One such exercise is really a combo—the Flamingos/Single-Leg RDLs that Detroit Tigers ace Justin Verlander uses to improve his balance so he can maintain stability when throwing 100-mph fastballs. Javair Gillett, Tigers strength coach, explains that Flamingos engage your lower body and core stabilizer muscles, and keep you from falling over, when you catch the med ball. The Single-Leg RDL component forces the hips and core to react and control the med ball, resulting in improved balance and muscle coordination in explosive movements.

When beginning this exercise, simply stand on the floor and use a light weight med ball. As your balance improves, perform barefoot or use an Airex Pad and a heavier med ball to make it more challenging.

Play the above video to watch Verlander performing the Flamingo/Single-Leg RDL combo.

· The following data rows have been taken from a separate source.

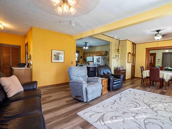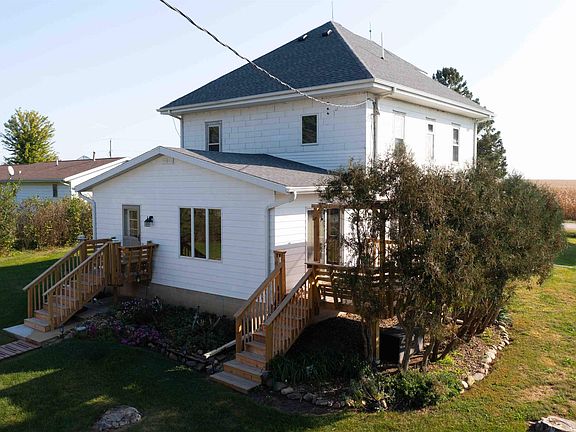 Acreage living in Aplington Parkersburg school district with 4-5 bedrooms and 1-3/4 baths. Beautiful setting on 2.86 acres with generous home, outbuildings and private wooded area. The home's main floor offers open living, dining and kitchen areas with pocket doors to main-floor bedroom OR parlor. The adjoining updated 3/4 bath features separate room with laundry. Front porch currently used for storage, but provides a beautiful area to enjoy morning sunrises with your coffee. Upstairs you are greeted with 4 spacious bedrooms, updated full bath and access to a large attic for possible future living space. Updated shingles, some windows, all flooring, baths and both decks. Detached machine shed utilized as 3-stall garage and workshop.
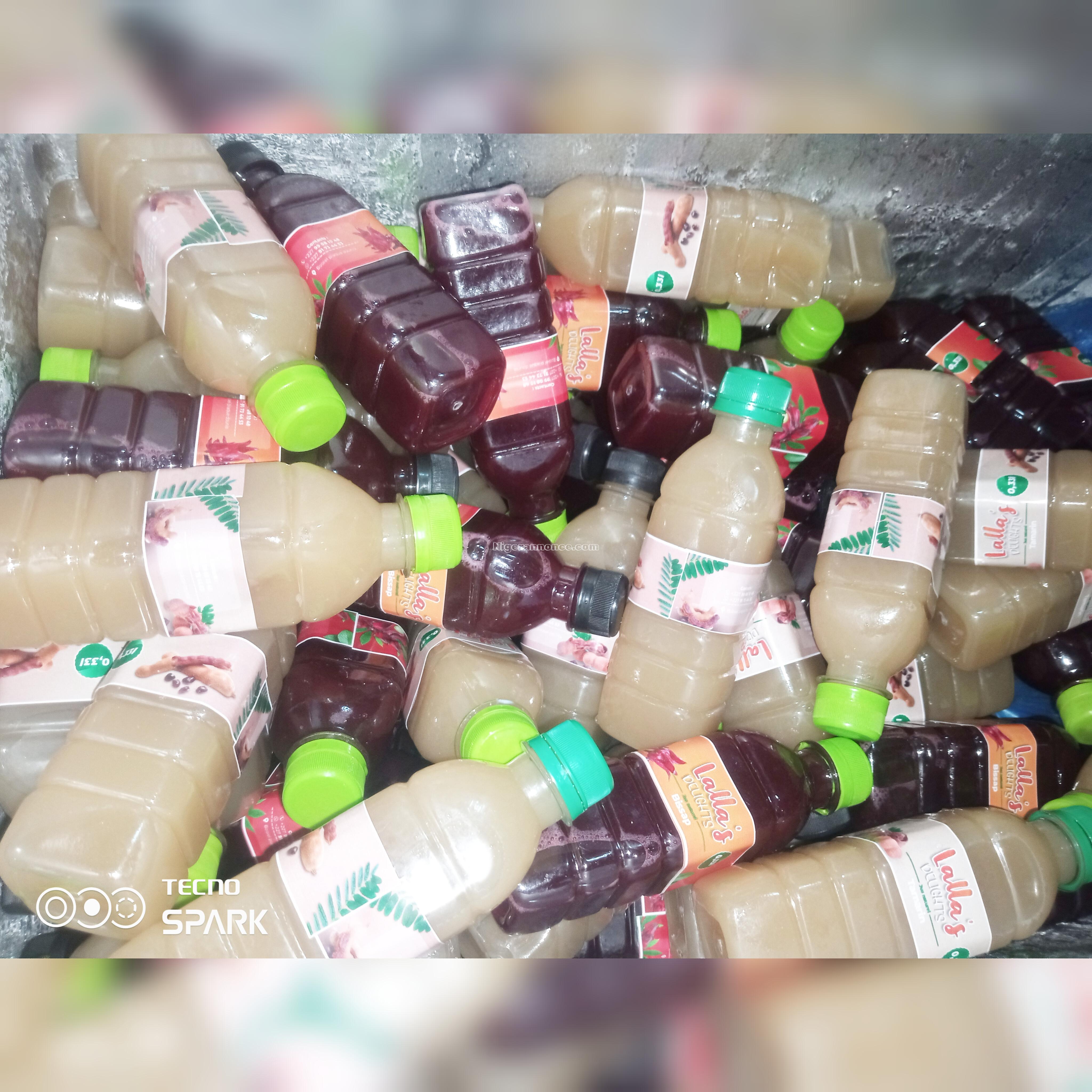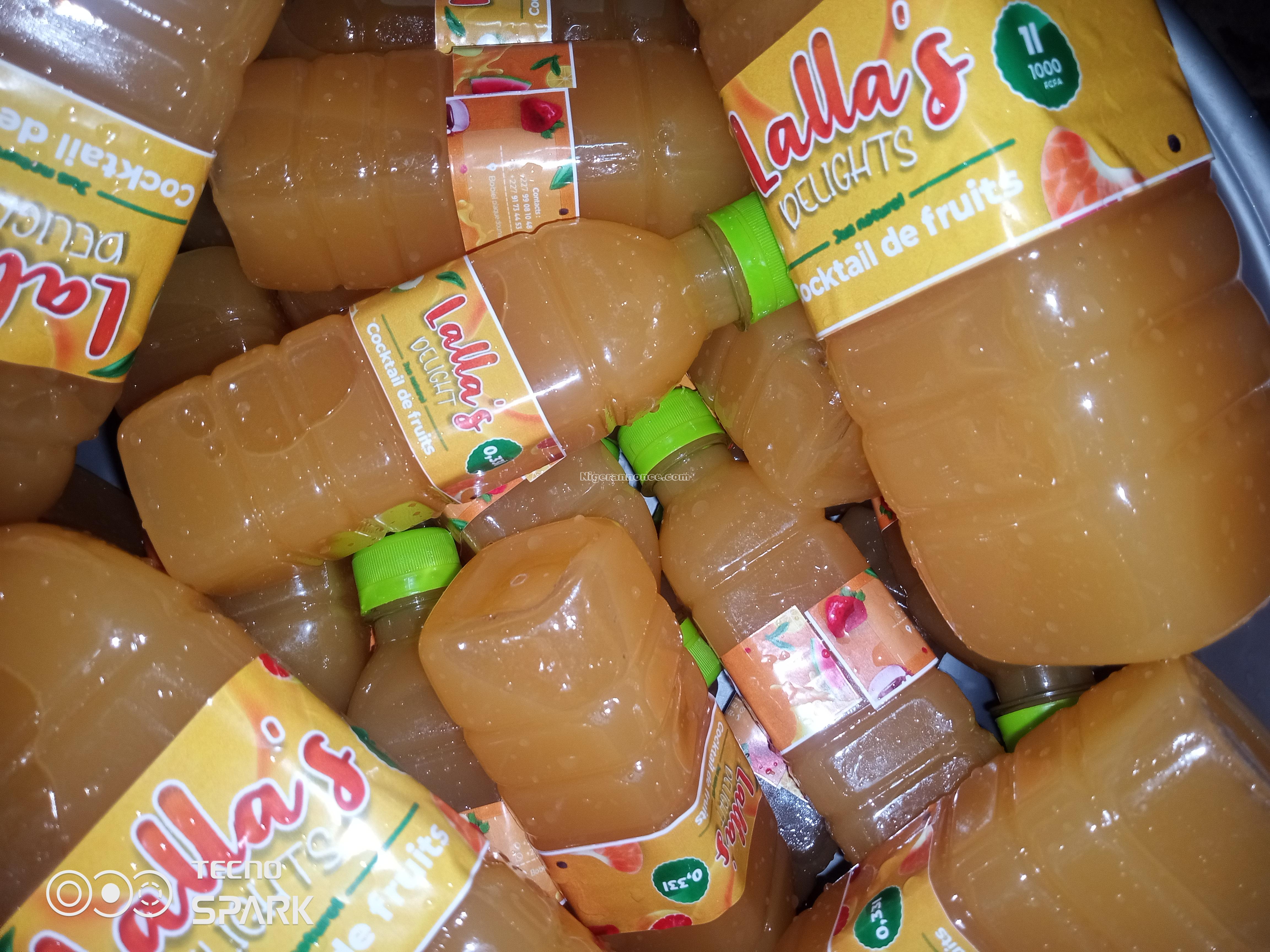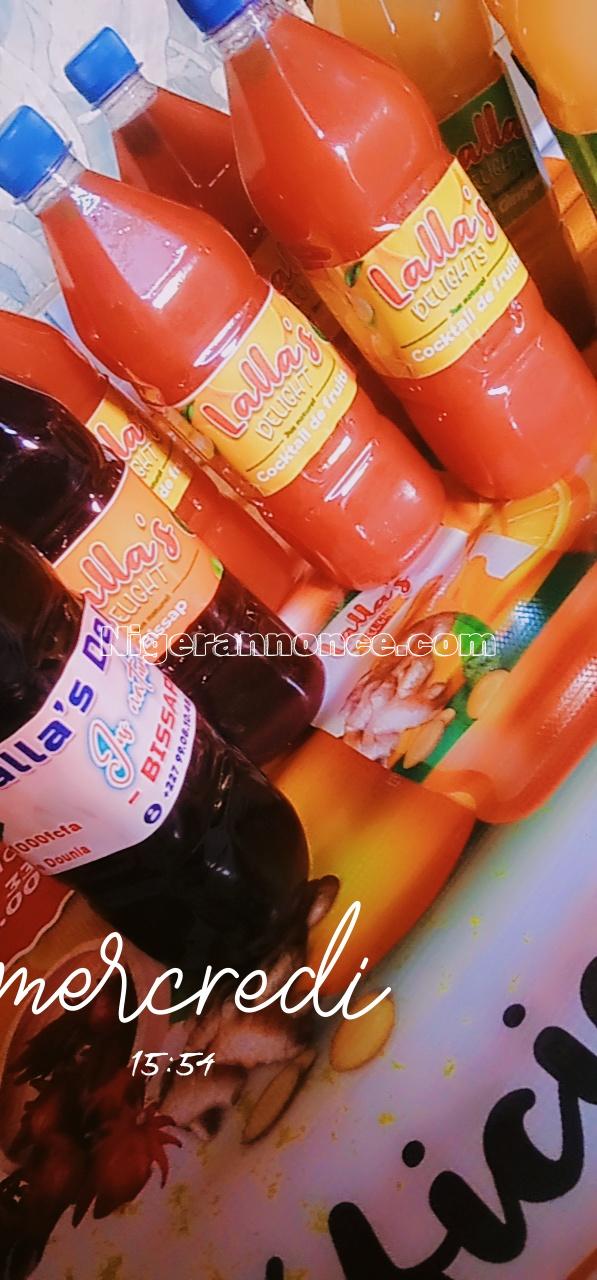 Jus naturels en gros pour vos événements dans des bidons de 0,33cl et en détails dans des bidons de 1 litre avec 5 différentes saveurs sur commande.
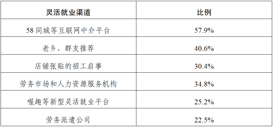 就業(yè)渠道趨于多樣化。據(jù)美團研究院對商戶及從業(yè)者的調(diào)研結(jié)果發(fā)現(xiàn),勞動者的就業(yè)渠道呈現(xiàn)多樣化、網(wǎng)絡(luò)化趨勢,57.9%傾向互聯(lián)網(wǎng)中介平臺,40.6%傾向老鄉(xiāng)、群友推薦,25.2%傾向新型靈活用工平臺(表1)。此外,企業(yè)間合作也帶來人力資源的靈活流動,如盒馬通過“共享員工”形式租用西貝等餐飲行業(yè)人員,在疫情期間助力餐飲業(yè)人員穩(wěn)定就業(yè),緩解自身運力緊張。
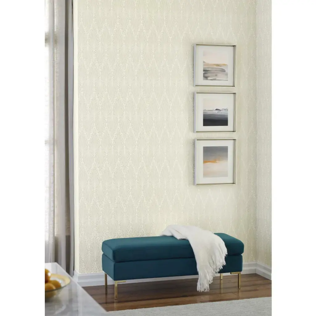 A touch of fantasy for the sophisticate, this pattern features a feathery motif, pointing upward or down, and incorporates metallic dots teathered with strings. This is Caf Society Wallpaper. This Caf Society Wallpaper measures approximately 27 inches wide by 27 feet long, covering About 60.8 square feet per roll. Durable and easy to remove from primed walls, this friendly to hang unpasted nonwoven wallpaper is created with a special blend of synthetic fibers, making it both easy to hang and tear resistant. Unpasted non woven material; 12.625-in repeat, straight match; Washable and strippable; 27-in by 27-ft long roll; Covers about 60.8 square feet
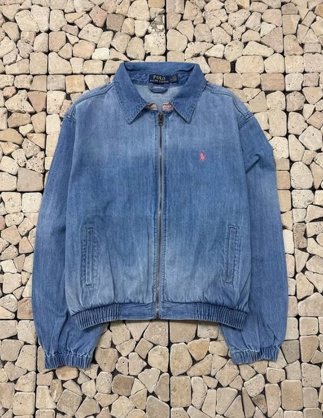 폴로 연청 핑크자수 데님 자켓
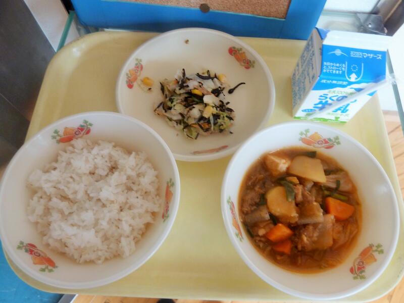 今日のメニュー 麦ごはん、じゃが豚キムチ、ひじきサラダ、牛乳
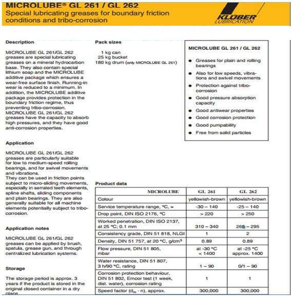 說明:MICROLUBE GL 261,GL 262潤滑脂特別適用于
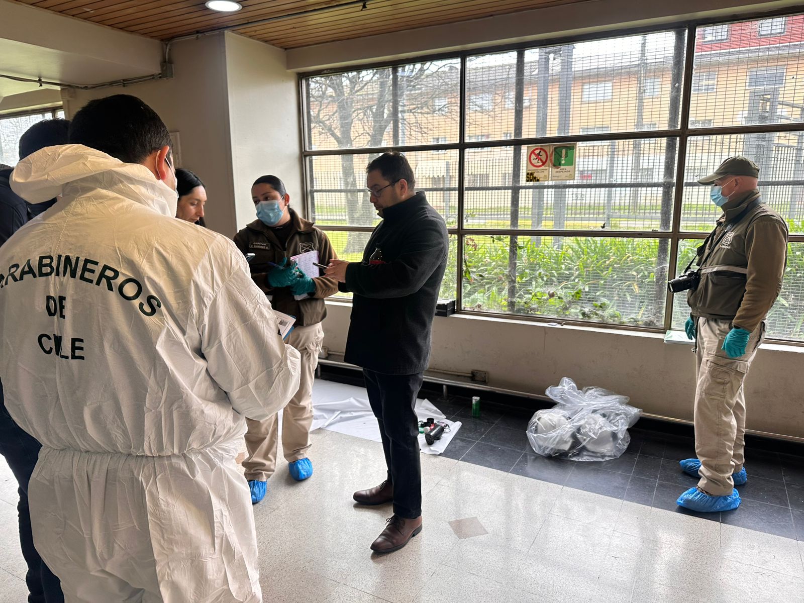 La Fiscalía instruyó la concurrencia del Laboratorio de Criminalística de Carabineros (Labocar), que trabaja en el levantamiento de evidencia biológica, huellas y revisión de grabaciones de seguridad para precisar la dinámica de los hechos.
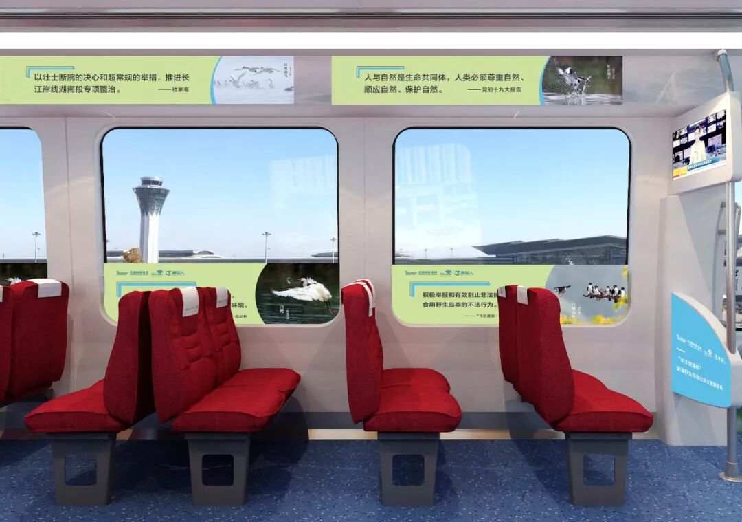 此趟磁浮专列以保护鸟类为主题,通过摄影记录湖南珍稀野生鸟类影像,以警醒的文字传达保护生态环境的重要性和迫切性。
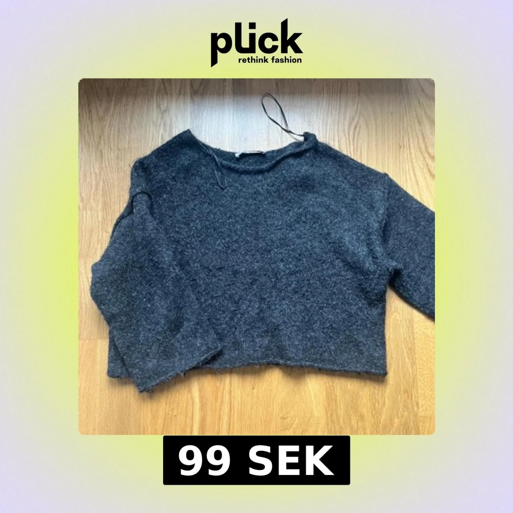 Säljer den här stickade grå svarta tröjan med lite kortare ärmar och kortare under till.

  • Assume athletic position, standing on one foot with partner to side
  • Catch med ball and immediately toss back to partner
  • Repeat for specified reps with partner changing throwing positions
  • Continue standing on one foot, with partner in front
  • Catch med ball and immediately lower it to toes
  • Drive up through hips and toss med ball to partner
  • Return to start position; repeat for specified reps

Sets/Reps: 3x15 [Flamingos], 3x8 [Single-Leg RDLs]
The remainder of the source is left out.